Typically a user of this replication will download and install directly the mySQL data-files of the tables he is interested in from our FTP server following the mySQL installation instructions. The tables are available in compressed myIsam format without any pre-built indexes.
For more information you may contact the PDBe group
MSDSD and flat files (PDB, mmCif, XML)
A frequently asked question about MSDSD is why the database is not available in XML and other
flat file formats (XML,mmCif,clean-up PDB).
The reason is that we feel that XML and other flat-files have to be based on a
rigid and systematic standardisation in order to be useful.
This work is done as part of the wwPDB collaboration and we would advice users to
refer to the wwPDB
-
MSDSD is based on relational database technology and it is available
on relational database technology. It is not a collection of flat files.
-
It is not another data store for the PDB and does not intend
to replace the PDB
-
While it is partially based on mmCif terminology and organisation,
it is not bound to use it when this is unsuitable
-
It includes complete and consistent sections of automatically or semi-automatically
derived information that are not part of the PDB
-
It includes complete and consistent cross-references as well as
reference information from external databases. All these are not part of
the PDB
-
It focuses mainly on "Assemblies", the quaternary structure that
corresponds to the actual biological entity, as the starting point for
determining the actual structural characteristics of proteins
MSDSD conventions
MSDSD (with some exceptions) is following a standard set of conventions in its design and architecture.
Some understanding of these conventions will help anyone interested in learning the
MSDSD schema, regardless of the method he chooses to use in order to use it (replication, API).
For a more systematic study you will have also to consult the MSDSD reference documentation.
- We use user friendly and meaningful names that are familiar to the end users instead of precise names. We will use the names CHAIN and RESIDUE instead of ENTITY_INSTANCE or COMPONENT even though that the entities that they model are not always very strictly speaking chains or residues (i.e. water groups and waters or bound molecules). This means diversion in some cases from the strict mmCif terms.
- We will follow de facto standards wherever there is no necessity to oppose them. For example we will use the PDB nomenclature and ordering for atoms and PDB style names for chains.
- Table names in sections of the model may be marked up with a common prefix (i.e. "CHEM" like in CHEM_COMP,CHEM_ATOM)
- Tables will have an abstract identifier attribute that will be used in order to implement foreign keys. Only these attributes should end with the "ID" suffix.
- The abstract identifiers are not guaranteed to remain constant in different MSDSD releases. There is always another set of naming identifiers (like ACCESSION_CODE,ASSEMBLY_SERIAL etc) for every table and these should be used by external users in order to refer to MSDSD records.
- The abstract identifier attributes of entities should have the same name as the entity and the "ID" suffix i.e. CHEM_ATOM_ID for CHEM_ATOM.
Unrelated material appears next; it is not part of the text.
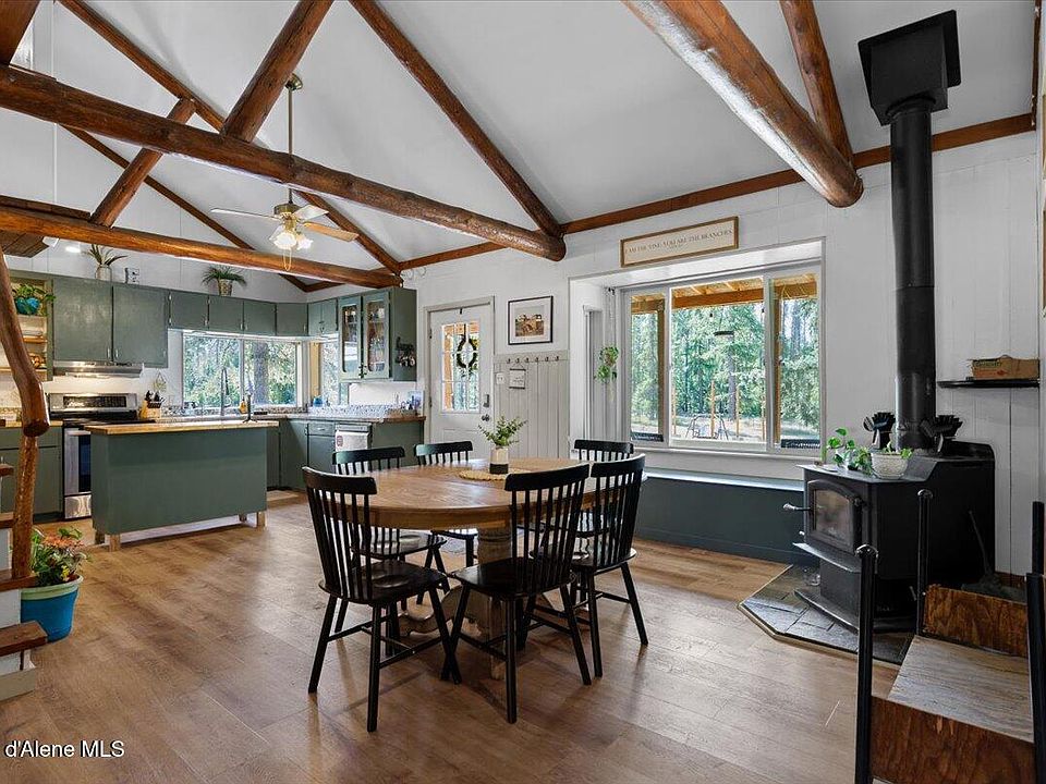 Seller is willing to pay 2% seller credit! Welcome to your serene countryside retreat—a rustic-chic haven nestled on a spacious, tree-lined property with a huge 30'X60' shop! This gorgeous home blends mountain-cabin charm with modern comforts: vaulted ceilings and warm wood-tone flooring set a welcoming tone. The open floor plan centers around a cozy wood stove and leads to a bright kitchen with beautiful cabinetry, spacious counters, stainless appliances, and a central island perfect for gathering. Luxurious primary suite offers generous closet space, plus a flexible loft area that could serve as guest quarters, office, or studio. Upstairs, sloped ceilings and sturdy beams frame a spacious bedroom offering peaceful privacy. Step outside to enjoy covered front porch seating or retreat to the backyard's firepit area—a perfect spot for twilight conversations or marshmallow-roasting evenings under the pines. Children's swings and ample grassy area complete the outdoor experience!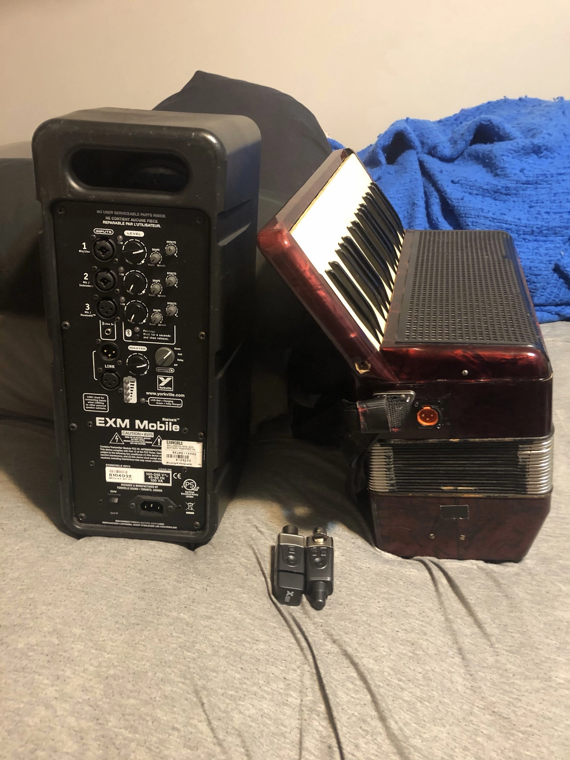 Now...the problem that has arisen is that my bellows have since failed and I am having to use a different accordion. The issue is that an SM58 will not fit inside, it is very close but no cigar (way more reeds in this other accordion).

- Attributes that are external identifiers will not have the ID suffix and will be named to the CODE suffix (i.e. CIF_CODE) if they are alphanumeric, to the NO suffix (i.e. EBI_NO) when they are numeric, or the the SERIAL suffix when they are serial numbers (i.e. ASSEMBLY_SERIAL)
- Attributes that are "propagated" (denormalised) like foreign keys or foreign names should keep the same names as in the parent tables (i.e. CHEM_COMP_ID and CHEM_COMP_CODE on CHEM_ATOM) or use a consistent role name (i.e. SUPERCEDED_BY_COMP_ID - SUPERCEDED_BY_COMP_CODE).
- Usage of database or other language keywords is avoided (i.e. CLASS,TYPE,GROUP,CODE,TEXT). Table and column names should include alphanumeric characters only and the underscore (not #,$ etc)
- Names though are kept as short as possible
- Legacy names and identifiers are available where appropriate and have corresponding prefixes (i.e. PDB_CODE). Their uniqueness is not guaranteed and in most cases cannot be used as keys for reference
- Cryptic names and abbreviations are avoided i.e. NUM_RESIDUES instead of N_RESID and RELEASE_STATUS instead of REL_STATUS
- If this is not possible or in cases where attribute names are too vague: ID, CLASS, TYPE, CODE, ORDER they are prefixed with the name of the table (i.e. CHAIN_CODE, CHEM_BOND_ORDER). In cases that these attributes are propagated, the prefix is not duplicated (i.e. not CHAIN_CHAIN_CODE). The entity name should not be used as a prefix in any other case. Especially the fact that a column will be propagated should not affect the decision to prefix it with the table name.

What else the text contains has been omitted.